== WORK INSTRUCTIONS ==
Since the listing below shows pictures, leave them out and write out exactly the lines from the line with "The document outlines" to the line with "Posting for 12+", both included, and no others.

== DATA TO EXAMINE ==
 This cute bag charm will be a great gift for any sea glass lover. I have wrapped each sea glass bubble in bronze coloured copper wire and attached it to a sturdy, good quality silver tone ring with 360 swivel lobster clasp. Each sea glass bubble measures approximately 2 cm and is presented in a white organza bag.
* * *
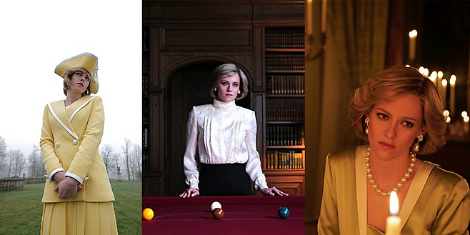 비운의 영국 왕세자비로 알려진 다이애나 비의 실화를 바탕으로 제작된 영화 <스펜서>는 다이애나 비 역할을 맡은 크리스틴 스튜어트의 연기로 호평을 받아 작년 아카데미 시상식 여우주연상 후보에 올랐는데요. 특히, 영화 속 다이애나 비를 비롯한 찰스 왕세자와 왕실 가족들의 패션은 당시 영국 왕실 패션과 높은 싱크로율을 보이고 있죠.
* * *
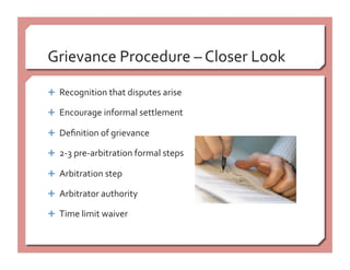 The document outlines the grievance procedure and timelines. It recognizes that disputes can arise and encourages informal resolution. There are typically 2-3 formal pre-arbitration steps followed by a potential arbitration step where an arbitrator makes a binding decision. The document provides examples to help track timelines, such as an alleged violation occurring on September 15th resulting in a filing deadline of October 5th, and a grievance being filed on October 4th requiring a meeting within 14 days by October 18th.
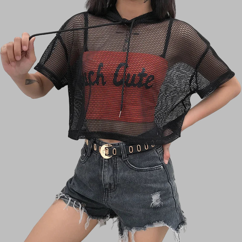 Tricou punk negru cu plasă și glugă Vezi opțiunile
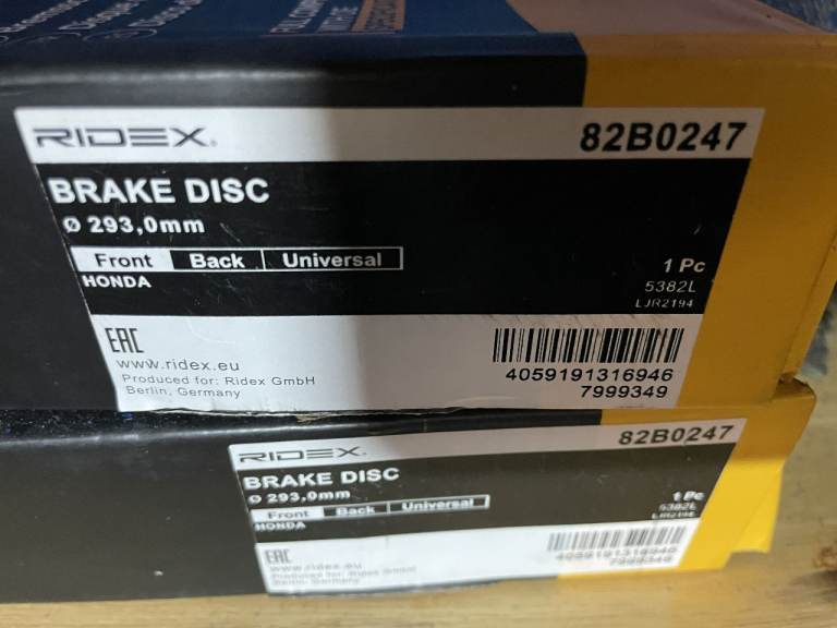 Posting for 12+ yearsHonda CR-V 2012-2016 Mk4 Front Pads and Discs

== EXERCISE OUTPUT ==
 The document outlines the grievance procedure and timelines. It recognizes that disputes can arise and encourages informal resolution. There are typically 2-3 formal pre-arbitration steps followed by a potential arbitration step where an arbitrator makes a binding decision. The document provides examples to help track timelines, such as an alleged violation occurring on September 15th resulting in a filing deadline of October 5th, and a grievance being filed on October 4th requiring a meeting within 14 days by October 18th.
 Tricou punk negru cu plasă și glugă Vezi opțiunile
 Posting for 12+ yearsHonda CR-V 2012-2016 Mk4 Front Pads and Discs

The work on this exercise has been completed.